Given data —
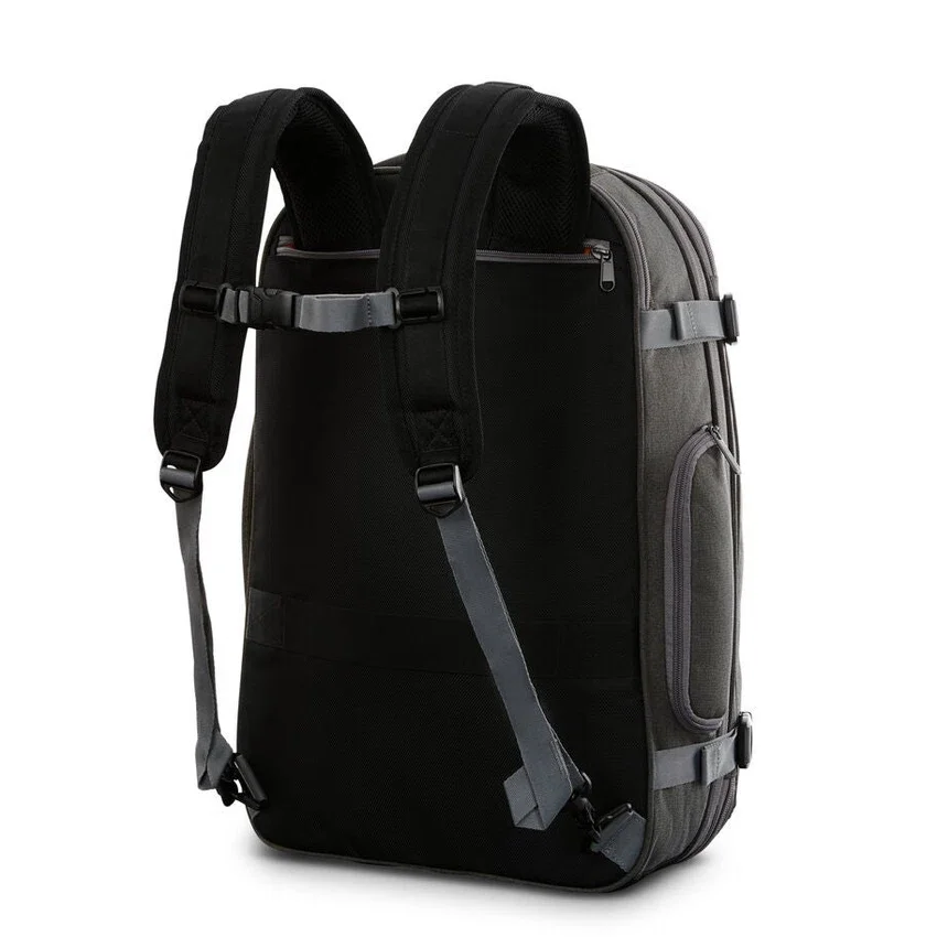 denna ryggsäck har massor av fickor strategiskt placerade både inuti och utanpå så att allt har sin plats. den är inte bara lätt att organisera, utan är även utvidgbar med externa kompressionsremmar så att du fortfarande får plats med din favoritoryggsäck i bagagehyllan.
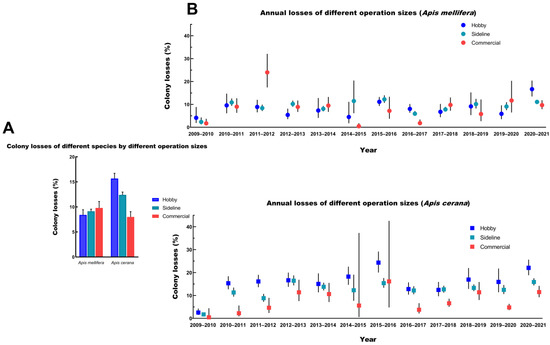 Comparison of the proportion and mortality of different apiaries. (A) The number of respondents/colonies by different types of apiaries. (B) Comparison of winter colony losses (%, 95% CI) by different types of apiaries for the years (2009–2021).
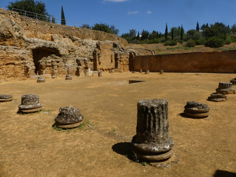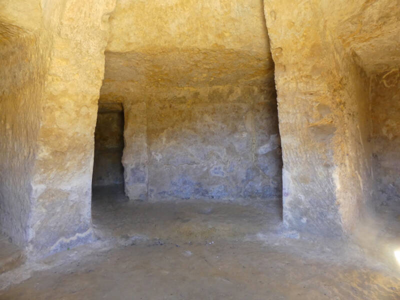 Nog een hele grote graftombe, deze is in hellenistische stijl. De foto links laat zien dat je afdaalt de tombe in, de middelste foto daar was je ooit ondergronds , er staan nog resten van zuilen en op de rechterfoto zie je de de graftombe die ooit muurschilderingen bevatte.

What needs to be done — The required output is every line from the one containing "Comparison of the" through the last line of the data above, restated exactly and without pictures.

Output for this task —
 Comparison of the proportion and mortality of different apiaries. (A) The number of respondents/colonies by different types of apiaries. (B) Comparison of winter colony losses (%, 95% CI) by different types of apiaries for the years (2009–2021).
 Nog een hele grote graftombe, deze is in hellenistische stijl. De foto links laat zien dat je afdaalt de tombe in, de middelste foto daar was je ooit ondergronds , er staan nog resten van zuilen en op de rechterfoto zie je de de graftombe die ooit muurschilderingen bevatte.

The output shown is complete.